If we take Nvidia at their word; that Turing architecture was 10 years in the making (I know, possible PR fluff), somewhere in R&D they must of had multiple designs (possibly baked GPUs) for both designs (one with a unified approach with rasterization and RT, and the current Turing architecture). If the unified approach had problems, what possible roadblocks stopped Nvidia from going down that path? Was it core size and complexity? TDP issues of such a core design? Yield issues of such a core design? Current tech? Cost? A mixture of everything? Something had to push Nvidia in that direction of a nonunified rendering design.
Hopefully, AMD has figured out a more unified rendering approach.
Nvidia are asking you to pay now for bespoke hardware on the promise of what the hardware might be capable of if/when more games support it - assuming you haven't ditched your 2070/2080/Ti to the better gen 2 version in 18 months time anyway.
Let's be honest, this has always been Nvidia's approach. To get the gamers excited, more specifically the premium consumers, to invest more and more into their brand.
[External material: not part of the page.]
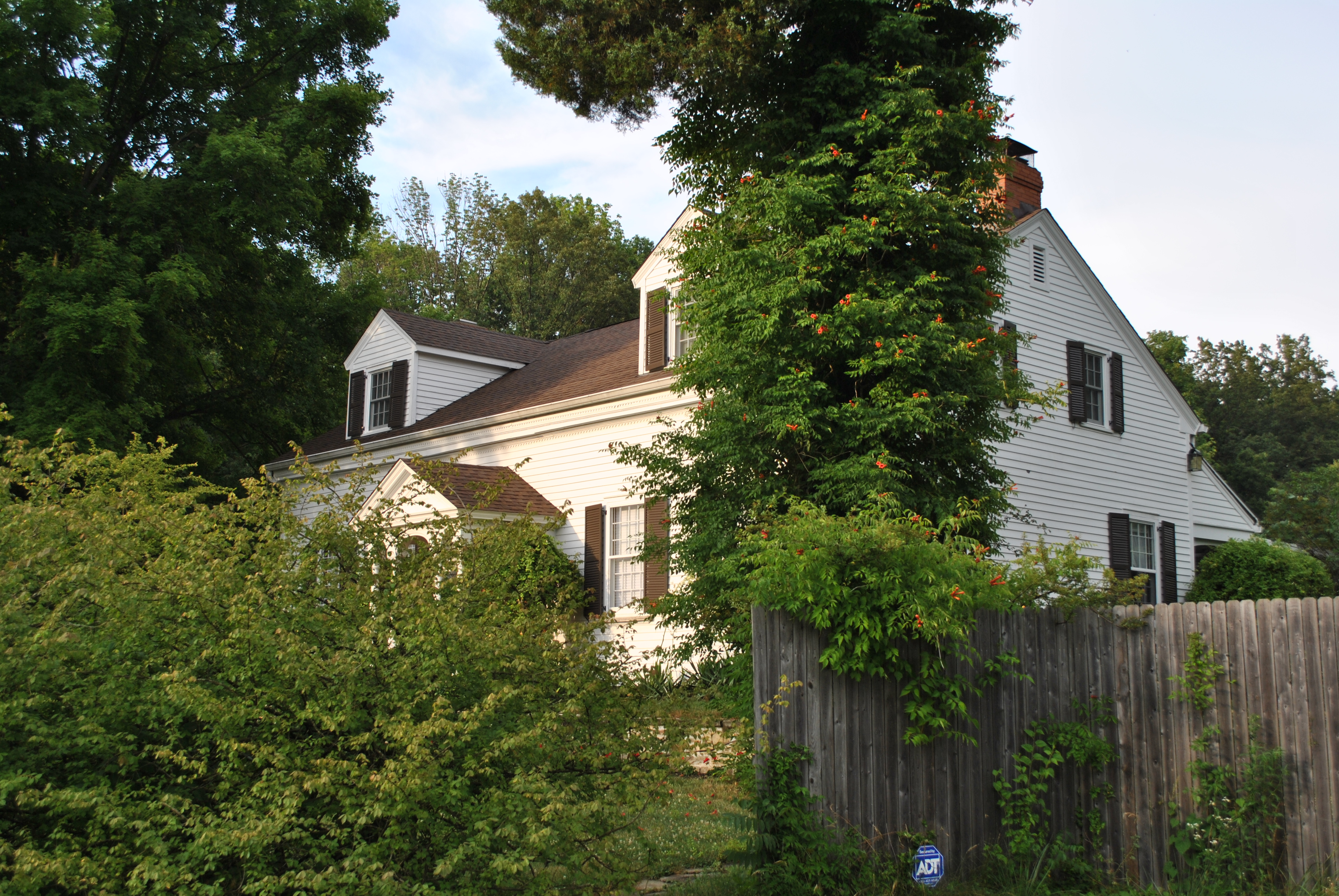 Located in Genoa Township, Delaware County Ohio and listed on the NRHP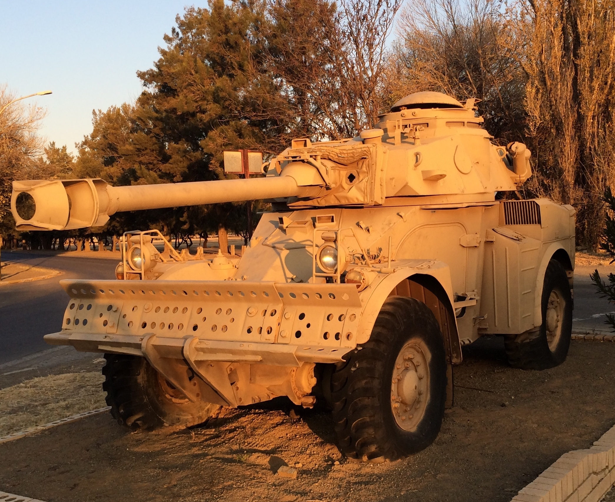 Description: Armored car with disabled 90mm gun at 1 Tank Regiment, Bloemfontein. 2014. Subject is an Eland Mk7, by Armscor of South Africa. The vehicle in question is no longer operational and is now being used as an on-base marker at Tempe.

To see what sticks, or fails. Nvidia's corporate culture of wanting to grow their (already colossus) market-share beyond their competitors.
Getting back on track, I would be extraordinarily surprised to see any iteration of this technology in the new consoles. If it's present, it will be so watered down as to be next to useless for the intended purpose or enhancing graphics significantly. Not unless AMD have something very cool cooking that they've not shown.
Disagree. If it's present, watered down, that would be a waste of die space and bad judgement on engineering. If it is present, fully capable, then more than likely first-party developers (i.e., Naught Dog, Guerilla, SMS, 343 Industries, The Coalition, etc.) would jump at the chance of using RT.